I am running Unifi at home, but since my WAN IP is a private address it warns me that I can’t setup a VPN for access to my home network.
The main use cases are (a) remote access of my home computer (ever need to access a private document while at work?) and (b) accessing my media while not on my home network (e.g. JellyFin). I don’t have anything I want to serve broadly (like a website) that I’m looking to self-host.
Sounds like you’re dealing with CGNAT. My condolences. Basically what you’re going to need to do is make a tunnel from a machine in your home to some VPS somewhere, and then use that VPS as your public front end via a reverse proxy or the like.
I use both tailscale and cloudflare tunnels for making my self hosted / homelab stuff available. Neither requires port forwarding or a dedicated public IP.
Do they do IPv6? IPv6 is great for this sort of thing because when ISPs support it properly they give you billions of routable public addresses and then it is just a matter of dynamic dns to get to your stuff.
That means you’re on a CGNAT. It’s one public IPv4 address shared between many customers, which makes it impossible to forward ports or host anything. They don’t do that because they’re an evil ISP who hates their customers, it’s because they do not have enough public IPv4 addresses to assign to everyone.

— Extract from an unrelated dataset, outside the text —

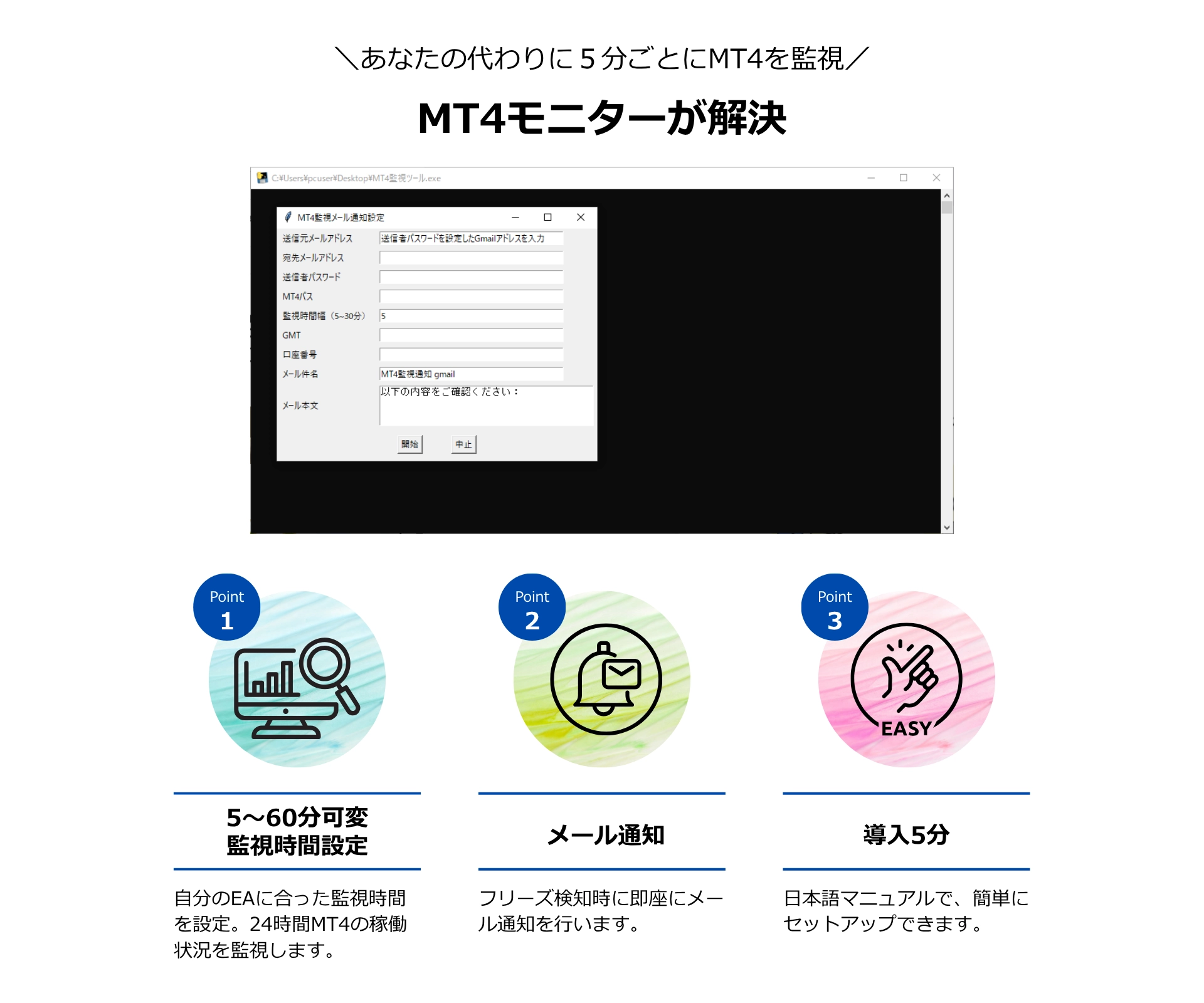 テスト用【MT4動作監視ツール】EA運用者必携!MT4のフリーズを最速検知&メールで即通知。【MT4モニター】
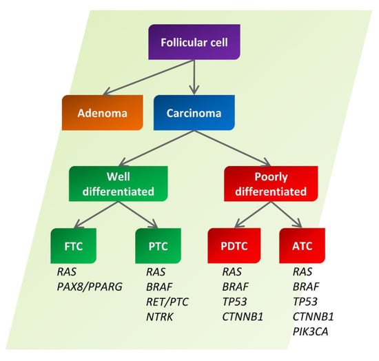 Most thyroid neoplasias originate from genetic alterations of follicular cells. From these cells derive benign follicular adenomas (FTA) and thyroid carcinomas (TC), which can be further subdivided into well-differentiated (WDTC) and poorly differentiated (PDTC) ones. Among the former, we can include papillary (PTC, 80% of TCs) and follicular (FTC, 10% of TCs) carcinomas of the thyroid, while, among the latter, we can include PDTC and undifferentiated ones, also called anaplastic carcinomas (ATC, 2–5% of TCs) [1] (Figure 1).

If your ISP is doing CGNAT, surely that means your ISP is deploying IPv6, right? Use that instead. No need to pay for a VPS or anything. It’s even easier because there’s no need for port forwarding because there’s no NAT. The more people using it the better.

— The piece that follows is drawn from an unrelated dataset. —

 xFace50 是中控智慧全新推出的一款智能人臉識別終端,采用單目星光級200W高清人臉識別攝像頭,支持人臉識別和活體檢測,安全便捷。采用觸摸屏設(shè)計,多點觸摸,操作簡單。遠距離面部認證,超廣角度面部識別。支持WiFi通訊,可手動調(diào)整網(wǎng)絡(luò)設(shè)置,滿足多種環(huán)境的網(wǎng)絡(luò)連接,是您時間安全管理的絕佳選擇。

I personally used CloudFlare tunnels when I had 5G with no option of getting an external IP.
My current provider charges for static IPs but is happy to provide a dynamic non CGNAT IP for free!
I’ve setup automatic DNS, but the IP hasn’t changed since the day I got it…
I haven’t gotten rid of the old tunnel, kept it as a backup…
I also get a cgnat address by default from my ISP, but all I did was request a public one from them instead. If it’s not possible, use some kind of nat traversal proxy, like cloudflare tunnel
When I had CGNAT issues in the past I did reverse ssh tunnels to an external server and published the services from there. You’re probably looking more for a VPN-esque service like wireguard.
Is your ISP willing to help? (Mine pulled my public IP without warning a few years ago, I called them and they reverted the change right away)
If not, you need some kind of relay host that forwards the traffic into your home network. There are commercial solutions available, but if you want to tinker a bit, you can set up your own. For example, I have a service running in my homelab that just connects via SSH to a cheap VM that sits in a datacenter (any cloud VM will do). Using this SSH session, it sets up port forwarding, so that when I connect to the VM on that port, that traffic is relayed to my homelab. Given that the homelab dials out to the VM via SSH, your homelab doesn’t need a public IP, only the VM does.